The I.D. R Pikes Peak features two electric engines that generate a system capacity of 500 kW, capable of taking the vehicle from 0-100 km/h in 2.25 seconds. That power will be put to the test on the infamous Pikes Peak route, a 19.99km ascent that features 156 turns and climbs almost 1.5km to the summit of the Colorado mountain. According to VW, the goal is to claim the record for electric vehicles, which currently stands at 8:57.118 minutes. It is also hoped that lessons from the venture can be applied across Volkswagen’s electric I.D. range.
"The Pikes Peak hill climb is one of the world’s most renowned car races,” said VW board member for development, Dr Frank Welsch. “It poses an enormous challenge and is therefore excellently suited to proving the capabilities of upcoming technologies."
“Volkswagen’s involvement on Pikes Peak not only sets the trend for our future in motorsport, but is also of great symbolic significance in the truest sense. Customers have always benefitted from the findings made in motorsport, and we expect to take these findings and use them as a valuable impetus for the development of future I.D. models. The hill climb on Pikes Peak will definitely be a real acid test for the electric drive.”

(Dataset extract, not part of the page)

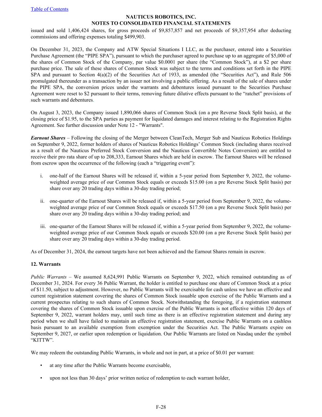 issued and sold 1,406,424 shares, for gross proceeds of $9,857,857 and net proceeds of $9,357,954 after deducting commissions and offering expenses totaling $499,903. On December 31, 2023, the Company and ATW Special Situations I LLC, as the purchaser, entered into a Securities Purchase Agreement (the “PIPE SPA”), pursuant to which the purchaser agreed to purchase up to an aggregate of $5,000 of the shares of Common Stock of the Company, par value $0.0001 per share (the “Common Stock”), at a $2 per share purchase price. The sale of these shares of Common Stock was subject to the terms and conditions set forth in the PIPE SPA and pursuant to Section 4(a)(2) of the Securities Act of 1933, as amended (the “Securities Act”), and Rule 506 promulgated thereunder as a transaction by an issuer not involving a public offering. As a result of the sale of shares under the PIPE SPA, the conversion prices under the warrants and debentures issued pursuant to the Securities Purchase Agreement were reset to $2 pursuant to their terms, removing future dilutive effects pursuant to the “ratchet” provisions of such warrants and debentures. On August 3, 2023, the Company issued 1,890,066 shares of Common Stock (on a pre Reverse Stock Split basis), at the closing price of $1.95, to the SPA parties as payment for liquidated damages and interest relating to the Registration Rights Agreement. See further discussion under Note 12 - "Warrants". Earnout Shares – Following the closing of the Merger between CleanTech, Merger Sub and Nauticus Robotics Holdings on September 9, 2022, former holders of shares of Nauticus Robotics Holdings’ Common Stock (including shares received as a result of the Nauticus Preferred Stock Conversion and the Nauticus Convertible Notes Conversion) are entitled to receive their pro rata share of up to 208,333, Earnout Shares which are held in escrow. The Earnout Shares will be released from escrow upon the occurrence of the following (each a “triggering event”): i. one-half of the Earnout Shares will be released if, within a 5-year period from September 9, 2022, the volume- weighted average price of our Common Stock equals or exceeds $15.00 (on a pre Reverse Stock Split basis) per share over any 20 trading days within a 30-day trading period; ii. one-quarter of the Earnout Shares will be released if, within a 5-year period from September 9, 2022, the volume- weighted average price of our Common Stock equals or exceeds $17.50 (on a pre Reverse Stock Split basis) per share over any 20 trading days within a 30-day trading period; and iii. one-quarter of the Earnout Shares will be released if, within a 5-year period from September 9, 2022, the volume- weighted average price of our Common Stock equals or exceeds $20.00 (on a pre Reverse Stock Split basis) per share over any 20 trading days within a 30-day trading period. As of December 31, 2024, the earnout targets have not been achieved and the Earnout Shares remain in escrow. 12. Warrants Public Warrants – We assumed 8,624,991 Public Warrants on September 9, 2022, which remained outstanding as of December 31, 2024. For every 36 Public Warrant, the holder is entitled to purchase one share of Common Stock at a price of $11.50, subject to adjustment. However, no Public Warrants will be exercisable for cash unless we have an effective and current registration statement covering the shares of Common Stock issuable upon exercise of the Public Warrants and a current prospectus relating to such shares of Common Stock. Notwithstanding the foregoing, if a registration statement covering the shares of Common Stock issuable upon exercise of the Public Warrants is not effective within 120 days of September 9, 2022, warrant holders may, until such time as there is an effective registration statement and during any period when we shall have failed to maintain an effective registration statement, exercise Public Warrants on a cashless basis pursuant to an available exemption from exemption under the Securities Act. The Public Warrants expire on September 9, 2027, or earlier upon redemption or liquidation. Our Public Warrants are listed on Nasdaq under the symbol “KITTW”. We may redeem the outstanding Public Warrants, in whole and not in part, at a price of $0.01 per warrant: • at any time after the Public Warrants become exercisable, • upon not less than 30 days’ prior written notice of redemption to each warrant holder, Table of Contents NAUTICUS ROBOTICS, INC. NOTES TO CONSOLIDATED FINANCIAL STATEMENTS F-28

About 20 per cent of the power required to climb the course will come from regenerative braking, with the electricity being fed back to the vehicle’s lithium-ion batteries. At the wheel for the record attempt will be two-time Le Mans winner Romain Dumas, who also has three Pikes Peaks titles to his name. With each vehicle permitted just a single attempt on the course, the race is as much a test of the driver’s skill as of the technology, comparable in some ways to the Nürburgring. Unlike the Nürburgring, however, testing on Pikes Peake is strictly limited, with the full length of the hill climb only available for racing on a single day each year.